● Your instructions:
Copy out the data exactly as it appears, without a single image.

──────── Data shown ────────

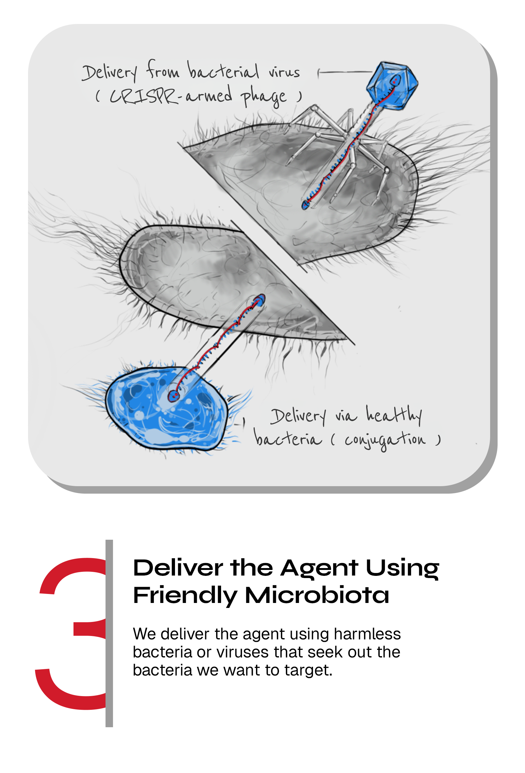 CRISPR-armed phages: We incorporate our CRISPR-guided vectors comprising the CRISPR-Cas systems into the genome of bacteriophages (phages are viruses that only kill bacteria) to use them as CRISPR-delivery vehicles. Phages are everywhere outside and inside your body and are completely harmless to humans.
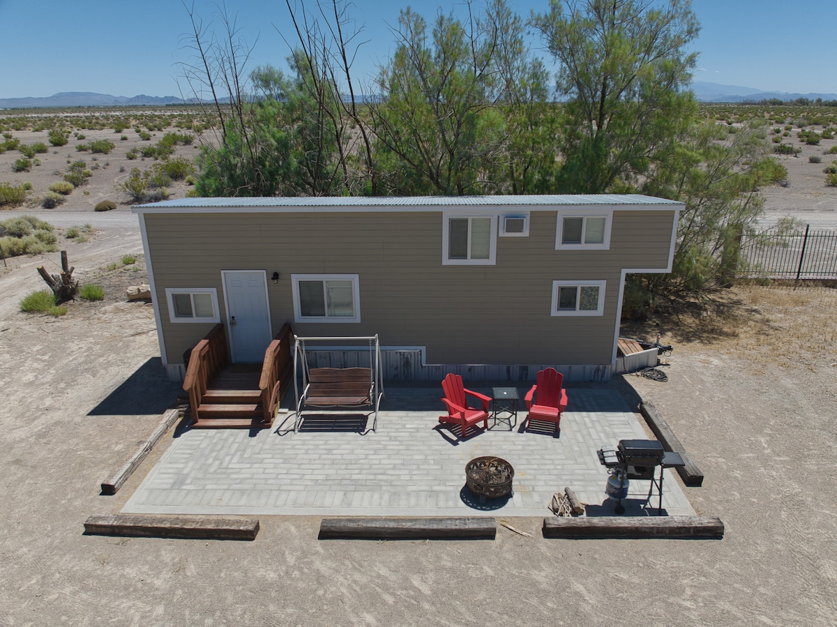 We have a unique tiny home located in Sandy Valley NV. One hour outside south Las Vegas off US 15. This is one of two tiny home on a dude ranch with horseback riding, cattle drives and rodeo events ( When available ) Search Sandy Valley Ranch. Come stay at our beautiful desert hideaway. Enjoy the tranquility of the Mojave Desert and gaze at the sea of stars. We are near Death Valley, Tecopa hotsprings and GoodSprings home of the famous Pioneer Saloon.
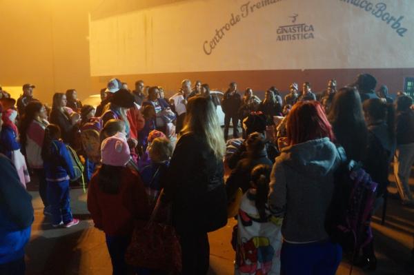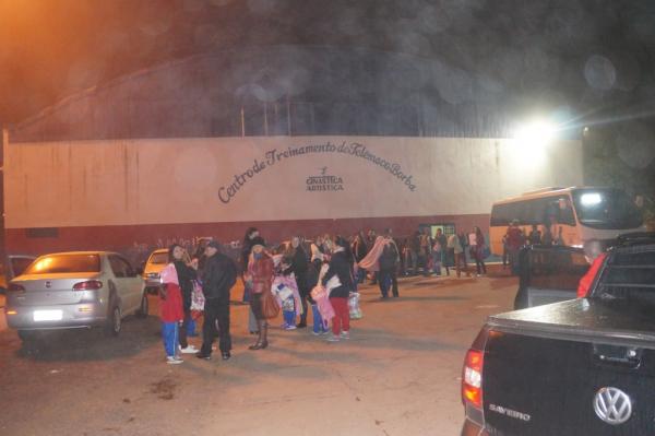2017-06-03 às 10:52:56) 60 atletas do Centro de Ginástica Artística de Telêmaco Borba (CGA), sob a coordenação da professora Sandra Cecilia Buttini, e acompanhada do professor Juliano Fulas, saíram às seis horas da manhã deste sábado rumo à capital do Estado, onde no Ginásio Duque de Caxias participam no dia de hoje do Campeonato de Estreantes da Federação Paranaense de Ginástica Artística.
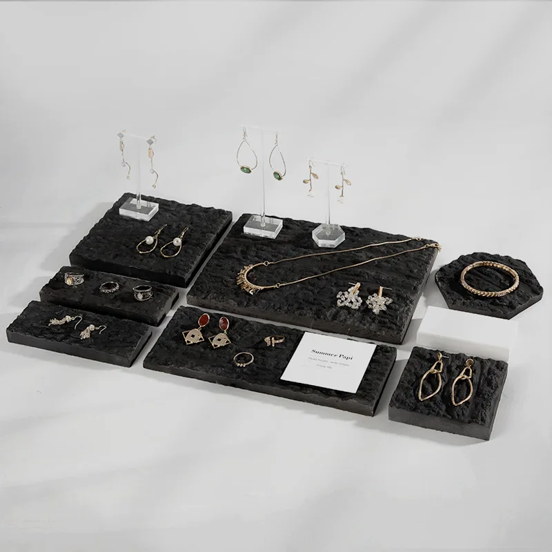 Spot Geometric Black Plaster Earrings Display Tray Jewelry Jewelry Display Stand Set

────────

● Expected answer:
 CRISPR-armed phages: We incorporate our CRISPR-guided vectors comprising the CRISPR-Cas systems into the genome of bacteriophages (phages are viruses that only kill bacteria) to use them as CRISPR-delivery vehicles. Phages are everywhere outside and inside your body and are completely harmless to humans.
 We have a unique tiny home located in Sandy Valley NV. One hour outside south Las Vegas off US 15. This is one of two tiny home on a dude ranch with horseback riding, cattle drives and rodeo events ( When available ) Search Sandy Valley Ranch. Come stay at our beautiful desert hideaway. Enjoy the tranquility of the Mojave Desert and gaze at the sea of stars. We are near Death Valley, Tecopa hotsprings and GoodSprings home of the famous Pioneer Saloon.
2017-06-03 às 10:52:56) 60 atletas do Centro de Ginástica Artística de Telêmaco Borba (CGA), sob a coordenação da professora Sandra Cecilia Buttini, e acompanhada do professor Juliano Fulas, saíram às seis horas da manhã deste sábado rumo à capital do Estado, onde no Ginásio Duque de Caxias participam no dia de hoje do Campeonato de Estreantes da Federação Paranaense de Ginástica Artística.
 Spot Geometric Black Plaster Earrings Display Tray Jewelry Jewelry Display Stand Set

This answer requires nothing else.